Some countries guaranteed Jews equality under the law, which enabled them to become part of the dominant culture.
Others, especially in Eastern Europe, kept Jewish life strictly separate.
Jewish life was flourishing, yet Europe’s Jews also faced a long legacy of discrimination and scapegoating.
Pogroms—violent riots in which Christians terrorized Jews—were common throughout Eastern Europe.
Christians blamed Jews for the death of Jesus, fomented myths of a shadowy cabal that controlled world finances and politics, and claimed Jews brought disease and crime to their communities.  
The rise of Adolf Hitler
It would take one man, Adolf Hitler, to turn centuries of casual anti-Semitism into genocide.

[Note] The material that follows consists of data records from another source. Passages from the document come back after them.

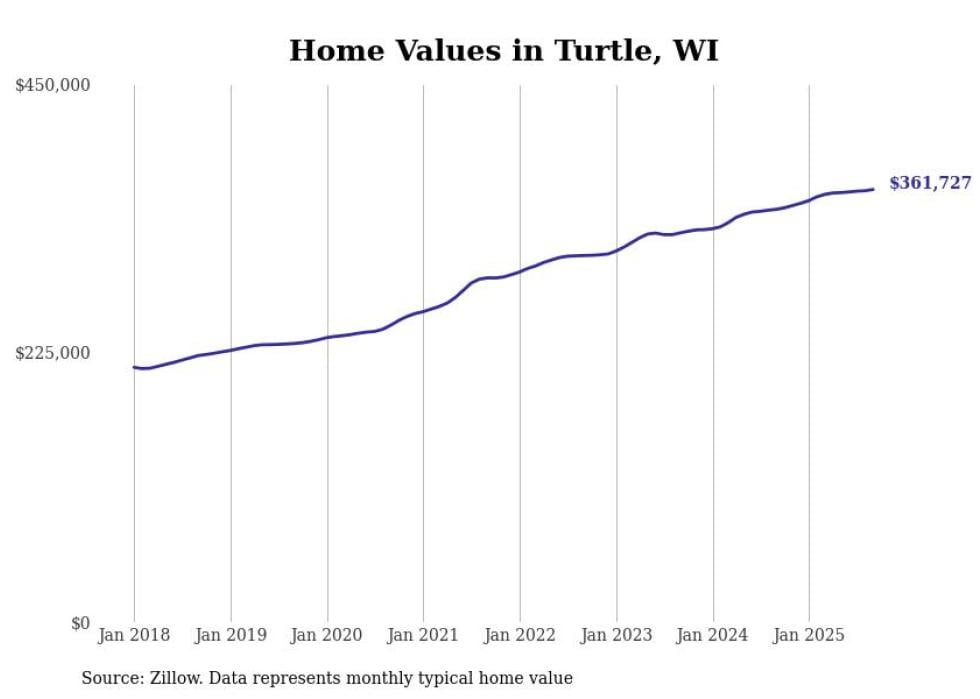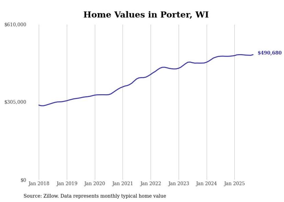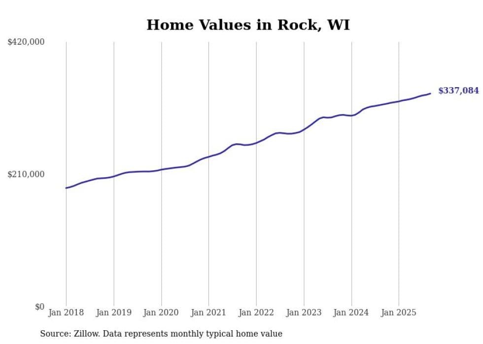 Stacker compiled a list of cities with the most expensive homes in the Janesville metro area using data from Zillow. Charts show the monthly typical home value since January 2018. All 17 cities and towns with data available were included in the list.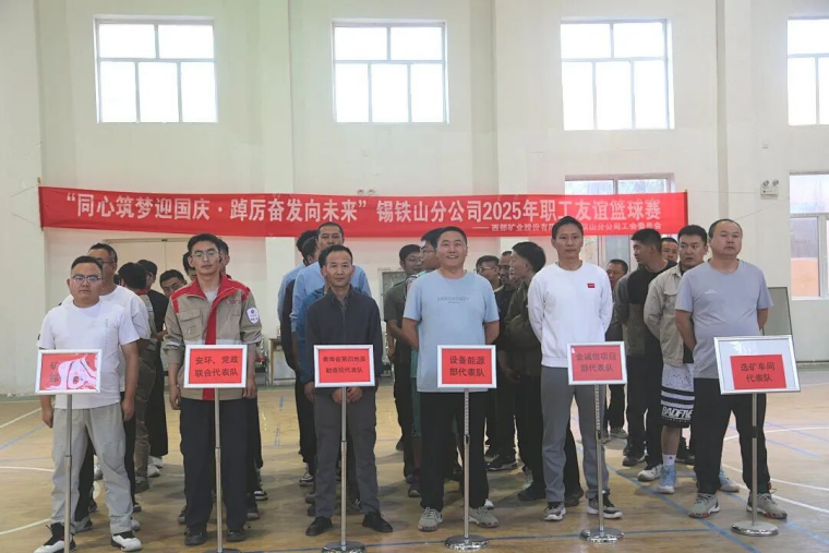 锡铁山分公司举办职工友谊篮球赛。运动场上运动员们精神饱满,斗志昂扬,比分交替上升,场下职工们呐喊助威声此起彼伏,为每一次精彩进球欢呼喝彩,现场气氛热烈非凡。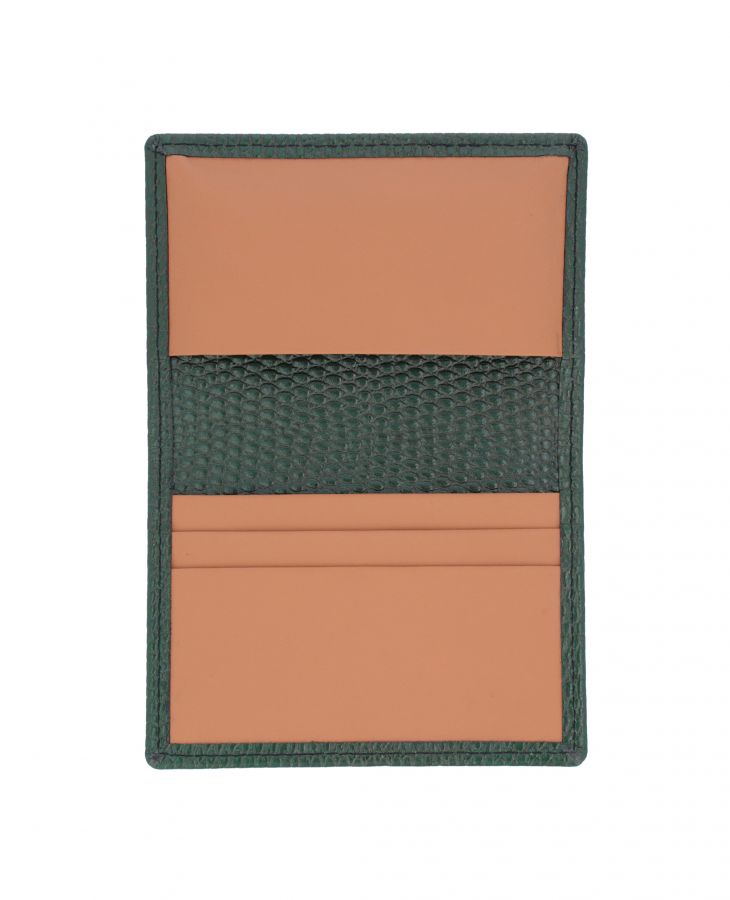 The Shanghai card case is handcrafted in lizard print leather which makes it stand apart from all others. For those who want glitz with style.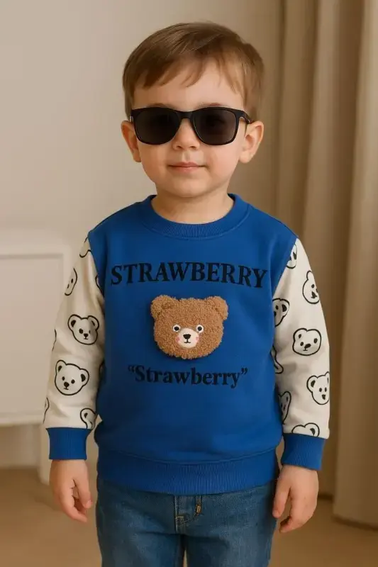 بلوز پسرانه طرح خرس برجسته و نوشته "Strawberry"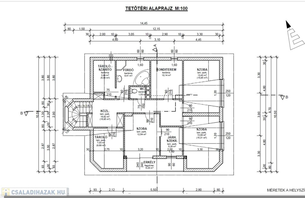 Tetőtér (nettó 94,9 m²) – 4 szoba, melyből egy konditeremnek van berendezve, fürdőszoba, külön Wc, gardrób és tárolók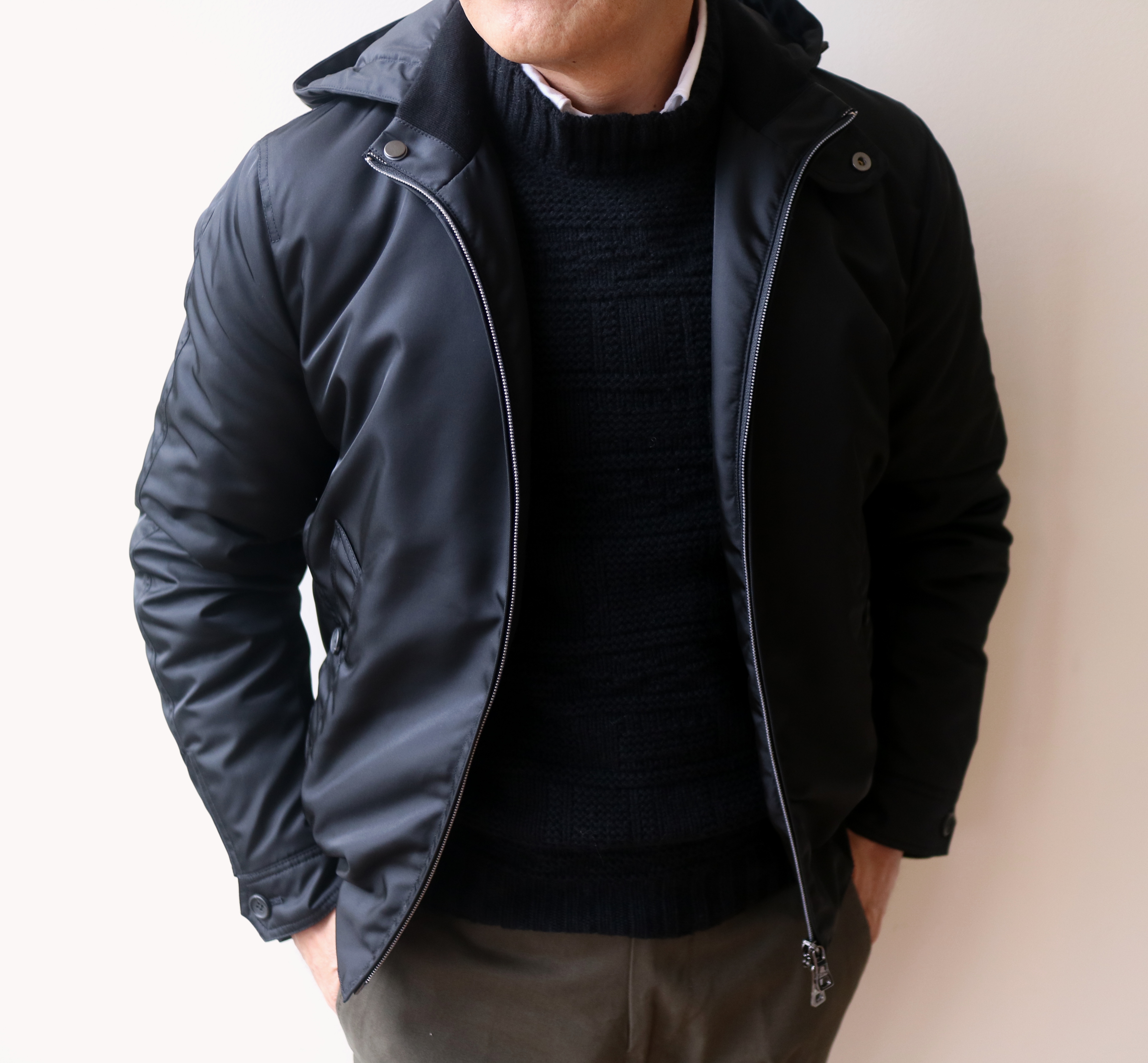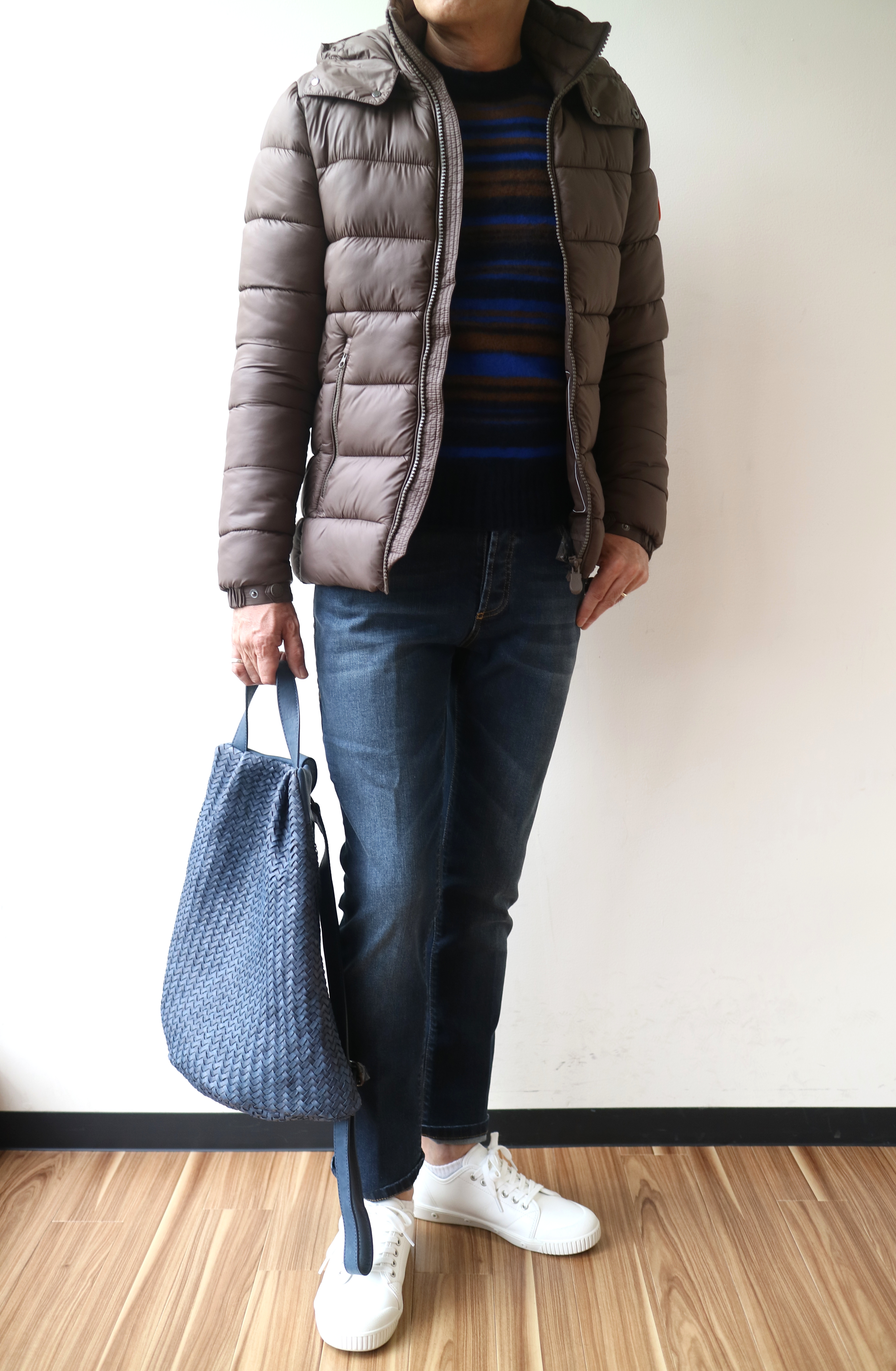 ナイロンのダウンとの相性も抜群です。合わせたダウンジャケットはMooRER(ムーレ)、パンツはINCOTEX(インコテックス)、靴はParaboot(パラブーツ)です。ただ、写真が暗くて、インナーが分かりづらい...

Hitler rose to power as leader of the National Socialist German Workers’ Party, also known as the Nazi Party, in the 1920s.
Hitler harnessed a tide of discontent and unrest in Germany, which was slowly rebuilding after losing the First World War.
The nation had collapsed politically and economically, and owed heavy sanctions under the Treaty of Versailles.
The Nazi party blamed Jews for Germany’s troubles and promised to restore the nation to its former glory.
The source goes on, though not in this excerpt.